▶ Action item: Take the listing below and write it out again exactly, skipping any picture that it holds.

▶ Provided data:
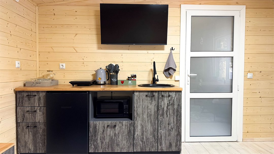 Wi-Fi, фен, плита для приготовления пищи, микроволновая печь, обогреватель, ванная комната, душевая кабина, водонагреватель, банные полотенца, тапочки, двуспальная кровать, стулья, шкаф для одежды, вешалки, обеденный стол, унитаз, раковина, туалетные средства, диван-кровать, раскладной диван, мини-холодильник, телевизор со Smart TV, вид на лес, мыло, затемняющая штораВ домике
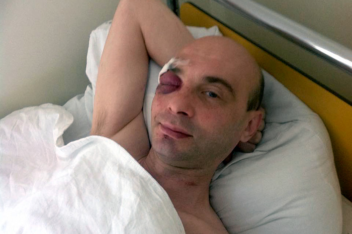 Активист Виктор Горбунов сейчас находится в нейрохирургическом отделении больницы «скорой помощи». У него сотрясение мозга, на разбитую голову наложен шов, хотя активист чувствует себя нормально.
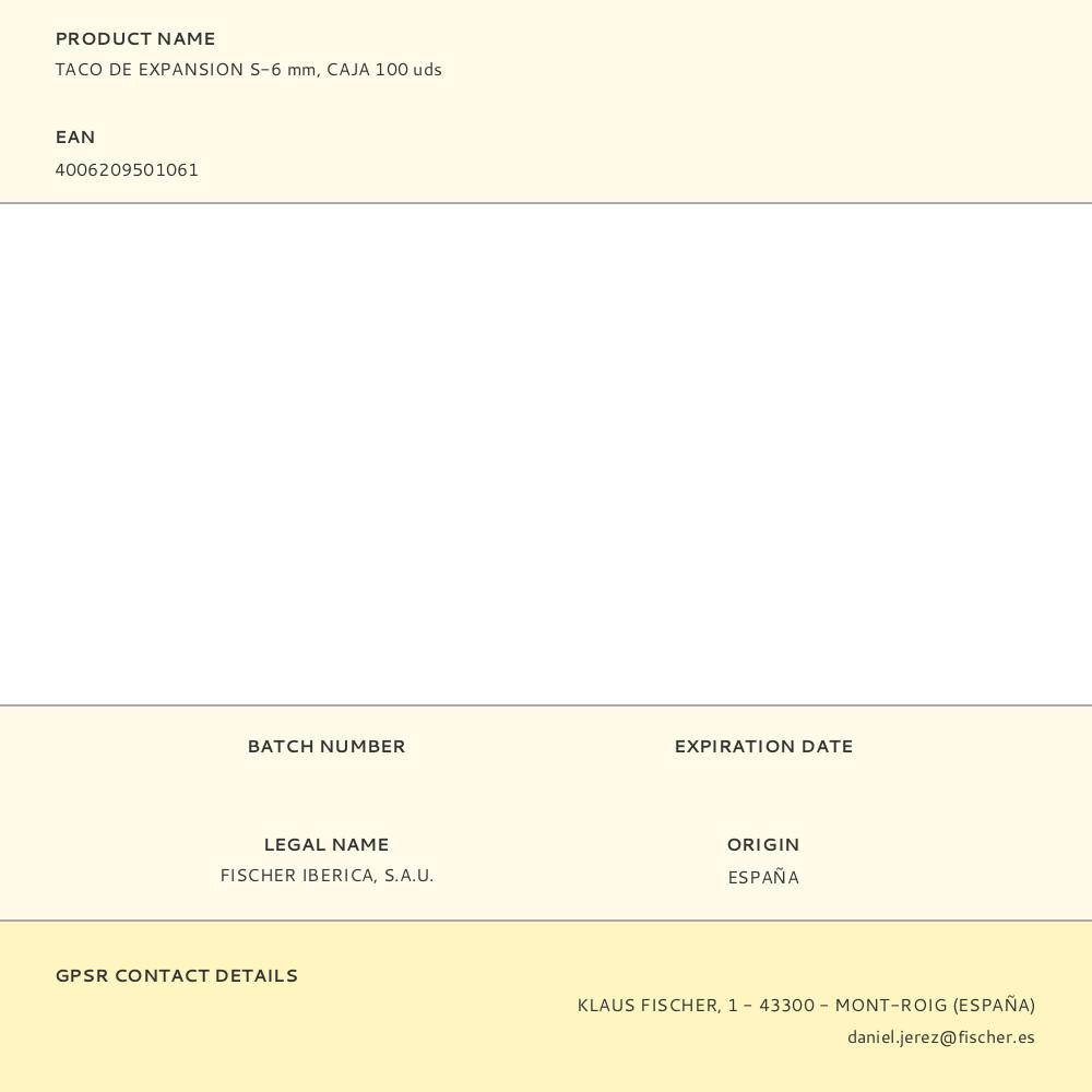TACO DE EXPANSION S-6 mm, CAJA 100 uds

▶ Task response:
 Wi-Fi, фен, плита для приготовления пищи, микроволновая печь, обогреватель, ванная комната, душевая кабина, водонагреватель, банные полотенца, тапочки, двуспальная кровать, стулья, шкаф для одежды, вешалки, обеденный стол, унитаз, раковина, туалетные средства, диван-кровать, раскладной диван, мини-холодильник, телевизор со Smart TV, вид на лес, мыло, затемняющая штораВ домике
 Активист Виктор Горбунов сейчас находится в нейрохирургическом отделении больницы «скорой помощи». У него сотрясение мозга, на разбитую голову наложен шов, хотя активист чувствует себя нормально.
TACO DE EXPANSION S-6 mm, CAJA 100 uds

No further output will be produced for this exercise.